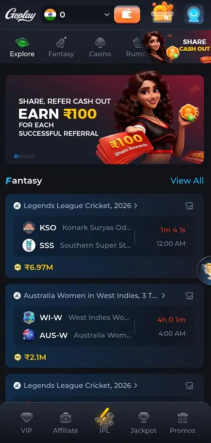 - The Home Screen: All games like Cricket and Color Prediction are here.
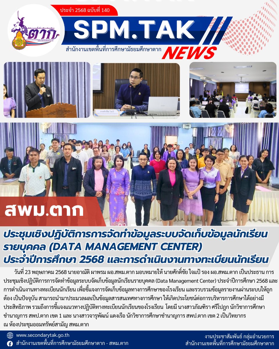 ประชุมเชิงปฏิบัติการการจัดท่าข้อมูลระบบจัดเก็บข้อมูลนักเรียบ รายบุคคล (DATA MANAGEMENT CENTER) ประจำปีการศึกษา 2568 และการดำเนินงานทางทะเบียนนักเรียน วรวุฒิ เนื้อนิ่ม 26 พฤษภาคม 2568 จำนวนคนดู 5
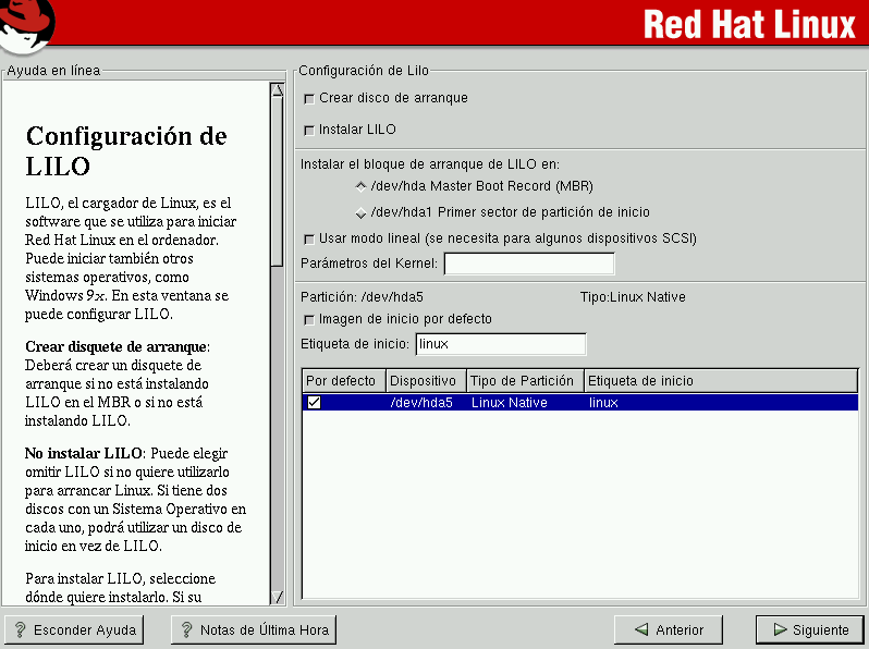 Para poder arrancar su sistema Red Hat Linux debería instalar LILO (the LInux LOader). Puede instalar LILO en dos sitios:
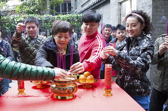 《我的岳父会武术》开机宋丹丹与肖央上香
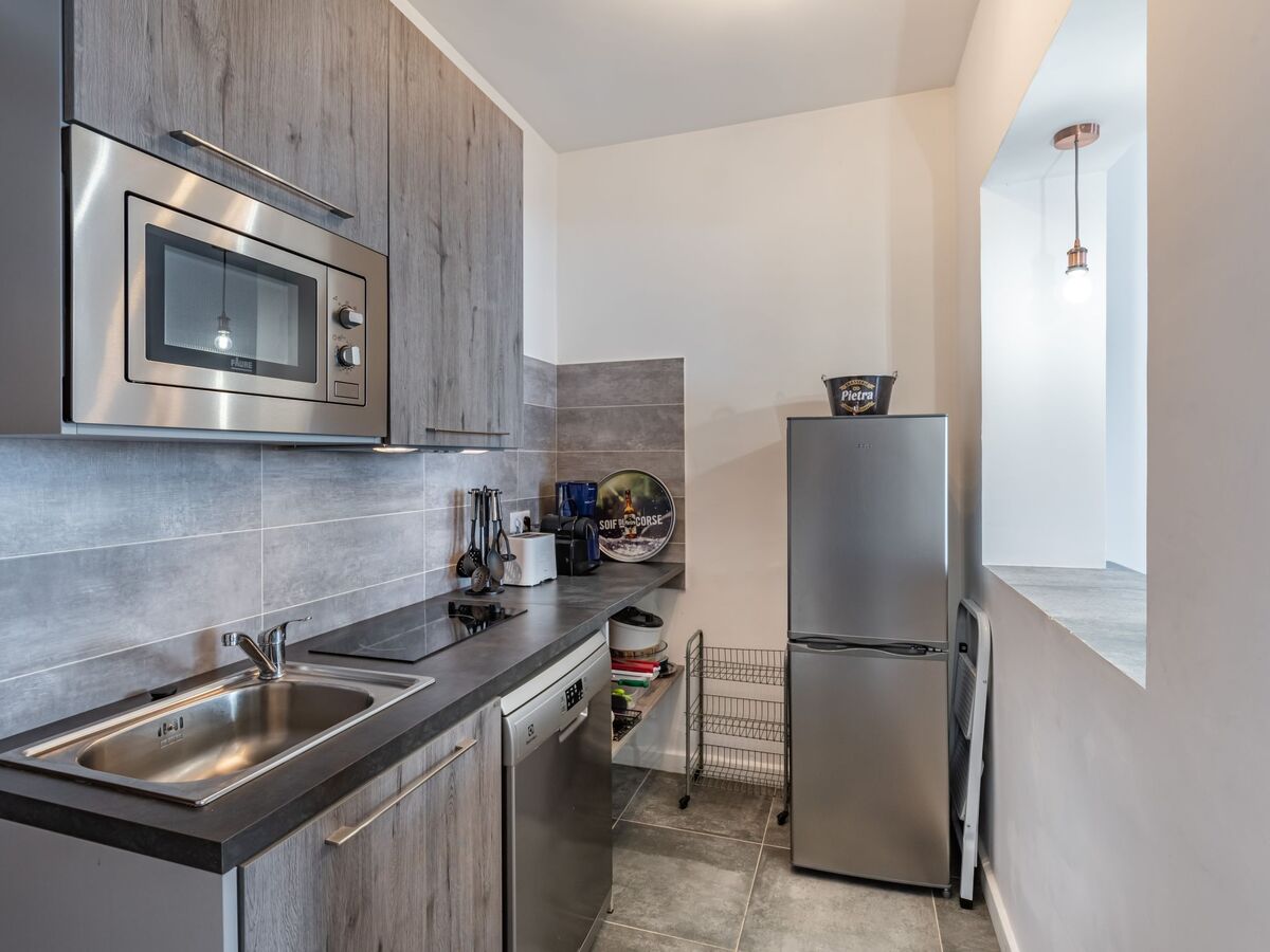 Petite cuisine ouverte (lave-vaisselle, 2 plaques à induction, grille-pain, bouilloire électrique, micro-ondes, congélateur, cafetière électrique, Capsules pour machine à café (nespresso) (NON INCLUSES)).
--
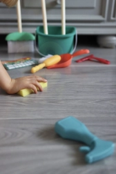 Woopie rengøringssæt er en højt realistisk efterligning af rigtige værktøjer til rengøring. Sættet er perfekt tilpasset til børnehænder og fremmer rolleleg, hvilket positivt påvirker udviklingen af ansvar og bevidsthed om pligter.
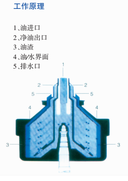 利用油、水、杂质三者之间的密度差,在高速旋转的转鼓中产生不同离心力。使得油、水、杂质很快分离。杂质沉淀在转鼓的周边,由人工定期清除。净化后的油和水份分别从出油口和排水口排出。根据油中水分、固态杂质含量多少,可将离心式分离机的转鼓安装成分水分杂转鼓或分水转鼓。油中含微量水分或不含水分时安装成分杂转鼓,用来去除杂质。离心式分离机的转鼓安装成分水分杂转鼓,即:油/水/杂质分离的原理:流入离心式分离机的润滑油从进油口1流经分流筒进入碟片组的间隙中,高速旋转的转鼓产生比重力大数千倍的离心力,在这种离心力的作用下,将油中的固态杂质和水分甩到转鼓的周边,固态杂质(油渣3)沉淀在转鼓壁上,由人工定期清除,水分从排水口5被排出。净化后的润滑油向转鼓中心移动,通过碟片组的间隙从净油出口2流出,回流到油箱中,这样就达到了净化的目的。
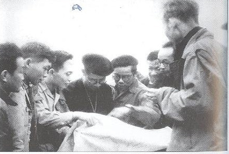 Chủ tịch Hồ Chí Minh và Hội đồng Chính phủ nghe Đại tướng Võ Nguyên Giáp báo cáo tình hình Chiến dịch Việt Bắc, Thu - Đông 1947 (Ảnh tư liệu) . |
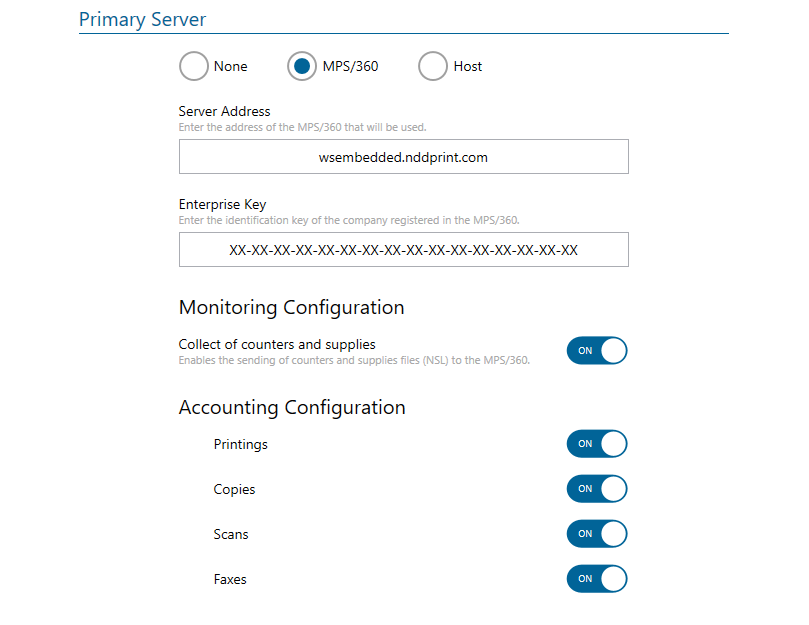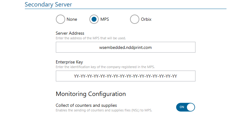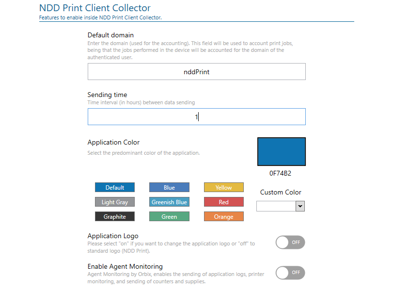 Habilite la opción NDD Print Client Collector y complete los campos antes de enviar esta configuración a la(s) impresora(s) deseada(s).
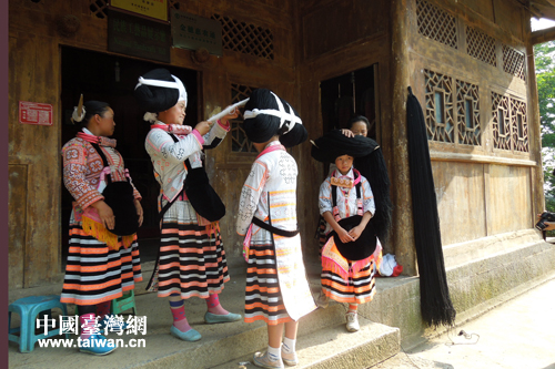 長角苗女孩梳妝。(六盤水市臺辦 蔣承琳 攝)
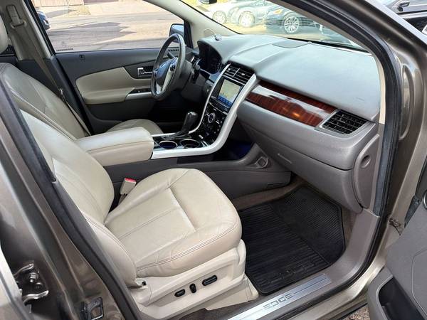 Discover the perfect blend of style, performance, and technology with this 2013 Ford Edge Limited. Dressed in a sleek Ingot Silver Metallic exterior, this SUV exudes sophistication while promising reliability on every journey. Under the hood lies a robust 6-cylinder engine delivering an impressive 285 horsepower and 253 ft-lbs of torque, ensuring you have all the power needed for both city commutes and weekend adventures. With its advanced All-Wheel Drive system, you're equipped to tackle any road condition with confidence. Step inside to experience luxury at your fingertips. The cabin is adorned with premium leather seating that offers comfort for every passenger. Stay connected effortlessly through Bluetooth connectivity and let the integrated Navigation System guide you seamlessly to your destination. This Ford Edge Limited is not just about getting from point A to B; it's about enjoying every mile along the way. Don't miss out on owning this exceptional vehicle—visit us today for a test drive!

* Exercise objective
Return exactly the stretch above whose first line contains "- The Home Screen: All" and whose last line contains "Petite cuisine ouverte", and nothing outside it. The pictures should not appear.

* Response to this exercise
 - The Home Screen: All games like Cricket and Color Prediction are here.
 ประชุมเชิงปฏิบัติการการจัดท่าข้อมูลระบบจัดเก็บข้อมูลนักเรียบ รายบุคคล (DATA MANAGEMENT CENTER) ประจำปีการศึกษา 2568 และการดำเนินงานทางทะเบียนนักเรียน วรวุฒิ เนื้อนิ่ม 26 พฤษภาคม 2568 จำนวนคนดู 5
 Para poder arrancar su sistema Red Hat Linux debería instalar LILO (the LInux LOader). Puede instalar LILO en dos sitios:
 《我的岳父会武术》开机宋丹丹与肖央上香
 Petite cuisine ouverte (lave-vaisselle, 2 plaques à induction, grille-pain, bouilloire électrique, micro-ondes, congélateur, cafetière électrique, Capsules pour machine à café (nespresso) (NON INCLUSES)).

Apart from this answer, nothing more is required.